Upstream branch: 835a507
series: https://patchwork.kernel.org/project/netdevbpf/list/?series=1030844
version: 3

@kernel-patches-review-bot
Copy link

commit 558b423954774b682c4b993fd904da4cf8c9f549
Author: Saket Kumar Bhaskar <[email protected]>

powerpc64/bpf: Support internal-only MOV instruction to resolve per-CPU
addrs

This commit adds support for BPF_MOV64_PERCPU_REG instruction to the
powerpc64 JIT compiler, enabling per-CPU address resolution by loading
the per-CPU offset from paca and adding it to the source register.

> diff --git a/arch/powerpc/net/bpf_jit_comp.c b/arch/powerpc/net/bpf_jit_comp.c
> index 5e976730b2f5..d53e9cd7563f 100644
> --- a/arch/powerpc/net/bpf_jit_comp.c
> +++ b/arch/powerpc/net/bpf_jit_comp.c

[ ... ]

> diff --git a/arch/powerpc/net/bpf_jit_comp64.c b/arch/powerpc/net/bpf_jit_comp64.c
> index 1fe37128c876..816f9d7d9e5d 100644
> --- a/arch/powerpc/net/bpf_jit_comp64.c
> +++ b/arch/powerpc/net/bpf_jit_comp64.c
> @@ -918,6 +918,15 @@ int bpf_jit_build_body(struct bpf_prog *fp, u32 *image, u32 *fimage, struct code
>  	case BPF_ALU | BPF_MOV | BPF_X: /* (u32) dst = src */
>  	case BPF_ALU64 | BPF_MOV | BPF_X: /* dst = src */
>
> +		if (insn_is_mov_percpu_addr(&insn[i])) {
> +			if (IS_ENABLED(CONFIG_SMP)) {
> +				EMIT(PPC_RAW_LD(tmp1_reg, _R13, offsetof(struct paca_struct, data_offset)));
> +				EMIT(PPC_RAW_ADD(dst_reg, src_reg, tmp1_reg));
> +			} else if (src_reg != dst_reg) {
> +				EMIT(PPC_RAW_MR(dst_reg, src_reg));
> +			}
> +		}
> +

Does this code need a break statement here? After handling the per-CPU
MOV instruction, execution falls through to the subsequent MOV handling
code. In the common case where dst_reg != src_reg with CONFIG_SMP
enabled, the code first emits ADD to compute the per-CPU address in
dst_reg, but then continues to the final else-if in this case statement
which emits MR dst_reg, src_reg, overwriting the computed address.

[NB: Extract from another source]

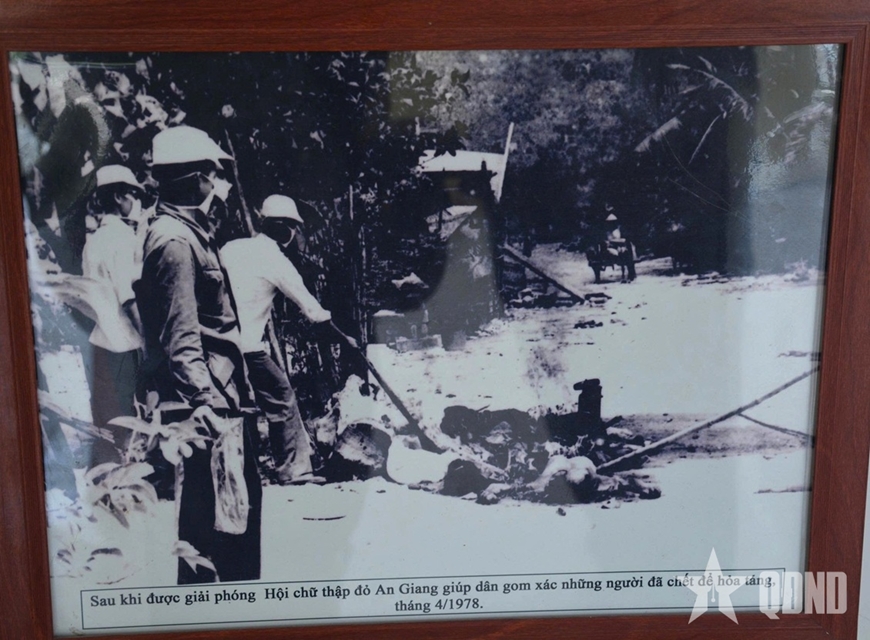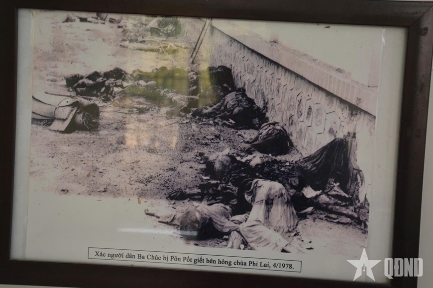 | Nhà lưu niệm - nơi bảo tồn các hình ảnh, vết máu, vật dụng của người dân Ba Chúc - bằng chứng sống động về tội ác của Khmer Đỏ. |

Other architectures (x86 and arm64) use break after their per-CPU
instruction handling in bpf_jit_build_body()->BPF_MOV case.

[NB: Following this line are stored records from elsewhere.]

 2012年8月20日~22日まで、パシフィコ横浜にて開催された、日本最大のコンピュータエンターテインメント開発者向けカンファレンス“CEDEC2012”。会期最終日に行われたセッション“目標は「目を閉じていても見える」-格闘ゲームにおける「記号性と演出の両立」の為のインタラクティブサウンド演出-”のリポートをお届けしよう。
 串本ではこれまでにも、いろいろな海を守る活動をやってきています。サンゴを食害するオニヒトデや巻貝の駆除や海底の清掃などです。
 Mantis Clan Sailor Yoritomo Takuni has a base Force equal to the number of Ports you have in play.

>  		if (insn_is_cast_user(&insn[i])) {
>  			EMIT(PPC_RAW_RLDICL_DOT(tmp1_reg, src_reg, 0, 32));
>  			PPC_LI64(dst_reg, (ctx->user_vm_start & 0xffffffff00000000UL));
>  			PPC_BCC_SHORT(COND_EQ, (ctx->idx + 2) * 4);
>  			EMIT(PPC_RAW_OR(tmp1_reg, dst_reg, tmp1_reg));
>  			EMIT(PPC_RAW_MR(dst_reg, tmp1_reg));
>  			break;
>  		}
>
>  		if (imm == 1) {
>  			/* special mov32 for zext */
>  			EMIT(PPC_RAW_RLWINM(dst_reg, dst_reg, 0, 0, 31));
>  			break;
>  		} else if (off == 8) {
>  			EMIT(PPC_RAW_EXTSB(dst_reg, src_reg));
>  		} else if (off == 16) {
>  			EMIT(PPC_RAW_EXTSH(dst_reg, src_reg));
>  		} else if (off == 32) {
>  			EMIT(PPC_RAW_EXTSW(dst_reg, src_reg));
>  		} else if (dst_reg != src_reg)
                        ^^^^
			This condition can be true for per-CPU instructions
			(which have off == -1), causing the computed per-CPU
			address to be overwritten with src_reg.

>  			EMIT(PPC_RAW_MR(dst_reg, src_reg));
>  		goto bpf_alu32_trunc;



AI reviewed your patch. Please fix the bug or email reply why it's not a bug.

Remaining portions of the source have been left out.